"Вардгес Петросян. Письма с полустанков детства " - читать интересную книгу автора

Мы переглянулись. И долго друг на друга смотрели.
А тогда этого и не заметили... Шел тысяча девятьсот сорок третий год,
нам троим вместе было тридцать шесть лет. И я только теперь понимаю, что в
ту пору, когда нам троим было тридцать шесть - и не порознь тридцать шесть,
а всем вместе - в ту пору мы были хорошими ребятами, даже очень хорошими...
А война продолжалась, и товарищ Поладян продолжала вбивать в наши
дурные головы, что деепричастные обороты выделяются в предложении запятыми,
что нужно писать Киликия, а не Киликья, что Аракс - не только имя нашего
одноклассника Аракса Магакяна, но и название самой крупной в Армении реки и
что приличный почерк человеку не мешает иметь даже в военную пору.

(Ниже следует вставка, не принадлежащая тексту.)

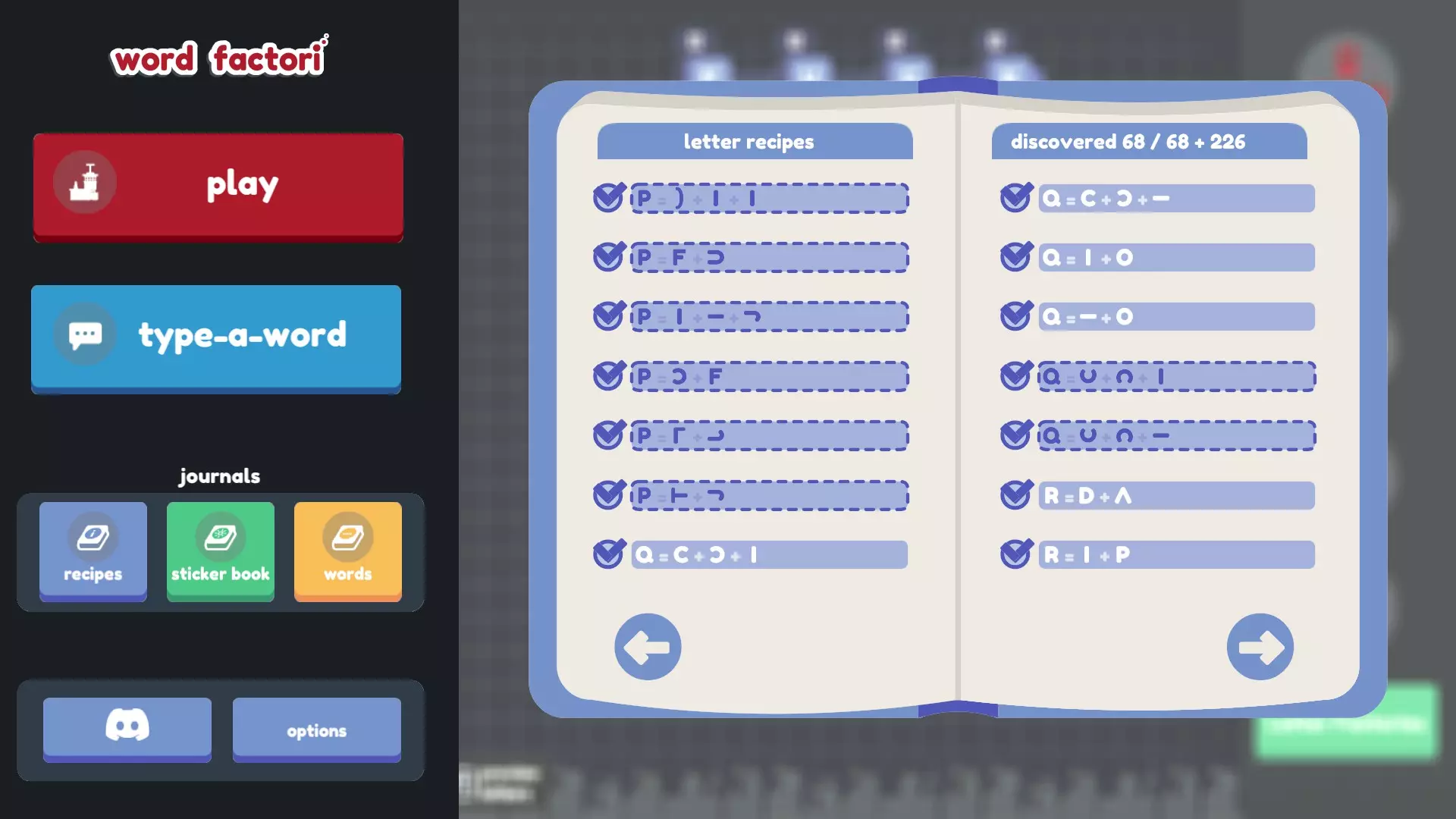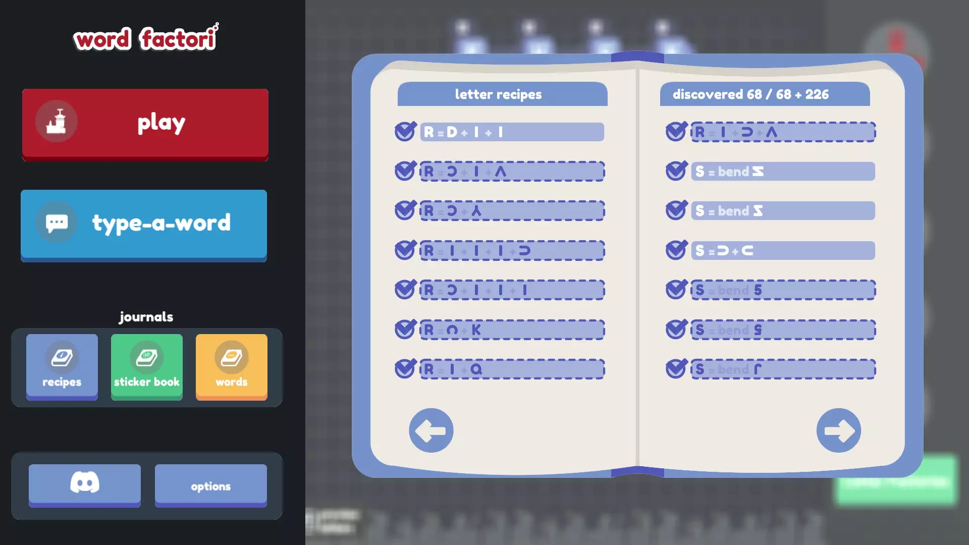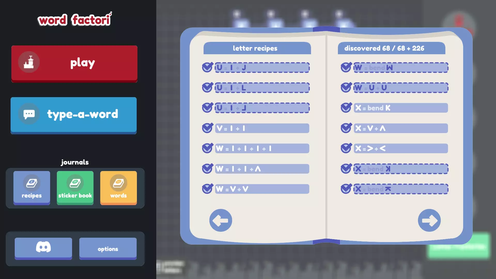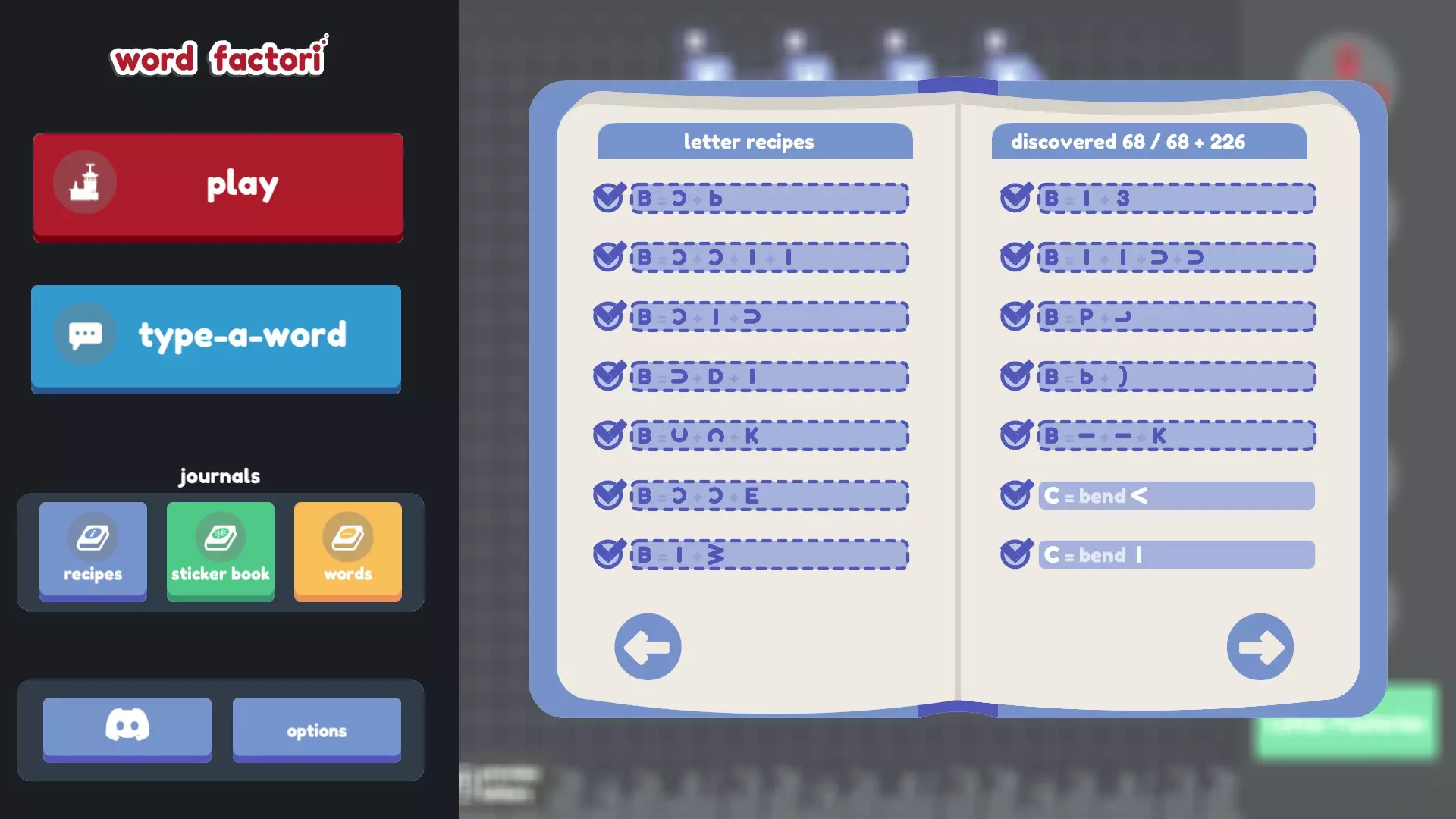谢谢! 如果说三个配方指南还不够糟糕的话…… 不过,其中两个来自旧版本(不幸的是,其中一个缺少大部分截图),另一个则不完整(而且我自己发现的配方太多了,根本无法仅在那里评论我的发现!)。所以我从这三个指南以及它们评论区(还有本指南。非常感谢jovpet1!也感谢ElderAxe在这么久之后还能找到更多配方!)中收集了尽可能多的配方,并结合自己的发现进行了补充! 我尝试了许多不同的组合和排列方式(甚至还尝试了问号,结果徒劳无功),但显然我没有暴力破解所有组合,所以可能还有更多配方有待发现(希望不要再有B或H了)。如果有我遗漏的(来自更新后的游戏,因为之前版本的配方已经更改),请告诉我。 最终目标: 找到所有配方(我们可能已经完成了?感谢Wrothmonk的检查!) 思考字母B 和开发者争论v+^+-应该等于*,弯曲问号应该得到感叹号,以及如果I+)+)组合成B是合理的,那为什么I+I+)+)(就像翻转的C和侧放的U那样组合)不行,为什么4和I的其他朝向组合也不能得到H,还有旋转、翻转和弯曲G完全可以变成@或Q,以及为什么侧翻弯曲的S会变成~,而侧翻弯曲的~却变不成S 多喝几碗鸡肉 noodle 汤 给最终目标列表添加更多内容。希望是鸡汤面的形式。或许是字母汤?

Одета товарищ Поладян была всегда опрятно, но однажды я заметил, что ее
платье на локтях искусно залатано, а в школу она вот уже три года ходит в
одних и тех же туфлях.
Наступила весна. Теперь мы зябли поменьше, зато есть хотелось еще
больше. А товарищ Поладян все еще обрушивала на наши головы свой приговор:
"Завтрака не получишь". Но эта фраза нас уже не страшила. Как-то уж само
собой вышло, что каждый, кто получал добавочный пирожок, возвращал его на
перемене законному владельцу. Конечно же, тайком от товарища Поладян. Добрым
оказался почин Каро...
Той весной закончилась война. А в шестом классе товарищ Поладян не
должна была нам преподавать. "Мы в шестой перешли, а товарищ Поладян в пятом
застряла", - острили мы, избавясь наконец от ее грозного образа.
...А несколько лет назад я вдруг случайно узнал, что товарищ Поладян
неизлечимо больна. Я сумел разыскать только Каро и Рубена - купили цветов,
конфет и пошли ее проведать. Жила она все в том же двухэтажном доме, в
темном подъезде которого мы трижды поджидали ее, чтобы "облаять" и
"обмяукать"...
Постояли несколько минут в подъезде - прошло как-никак двадцать пять
лет, - закурили. Мы с Каро переглянулись. "Это ведь твой план был, -
вспомнил Каро. - Расскажем, рассмешим ее".
Товарищ Поладян лежала в крохотной комнатенке, набитой всяким старьем,
книгами, стопками связанных тетрадей. Поначалу она нас не узнала, а когда
узнала, глаза ее наполнились слезами. Мы не знали, как быть, - застыли перед
ней, как двадцать пять лет назад. И не скажи она сквозь слезы: "Садитесь,
ребята", - мы бы не сели. Я впервые видел ее слезы. Вся она как-то высохла,
стала совсем маленькой, а взгляд ее, хоть она и плакала, был прежним -
строгим и сосредоточенным.
Из кухни вышла девушка лет двадцати - двадцати двух. "Арменуи, из моих
последних учеников", - сказала Поладян. Девушка молча подала нам кофе, а
товарищ Поладян протянула какие-то цветные таблетки. "Мне уже лучше,
Арменуи, - улыбнулась учительница. - Вот они, мое лекарство", - указала на
нас глазами. Она и в самом деле была нам рада, и мы потихоньку
разговорились. И Каро, конечно, рассказал о коварном плане отмщения, который
мы так и не осуществили... Над кроватью висел поблекший рисунок - он
показался мне чем-то знакомым, и я внимательно в него всмотрелся. "Это
Полис, - сказала больная и указала пальцем на один из домов тесной улочки. -
Здесь я родилась. Семейство у нас было большое, очень большое..." - "Я
побывал в прошлом году в Полисе, - сказал я. - Очень красивый город". Взгляд
учительницы стал задумчивым-задумчивым. "Сейчас Арменуи угостит вас
завтраком", - помолчав, сказала она. Мы переглянулись, заулыбались.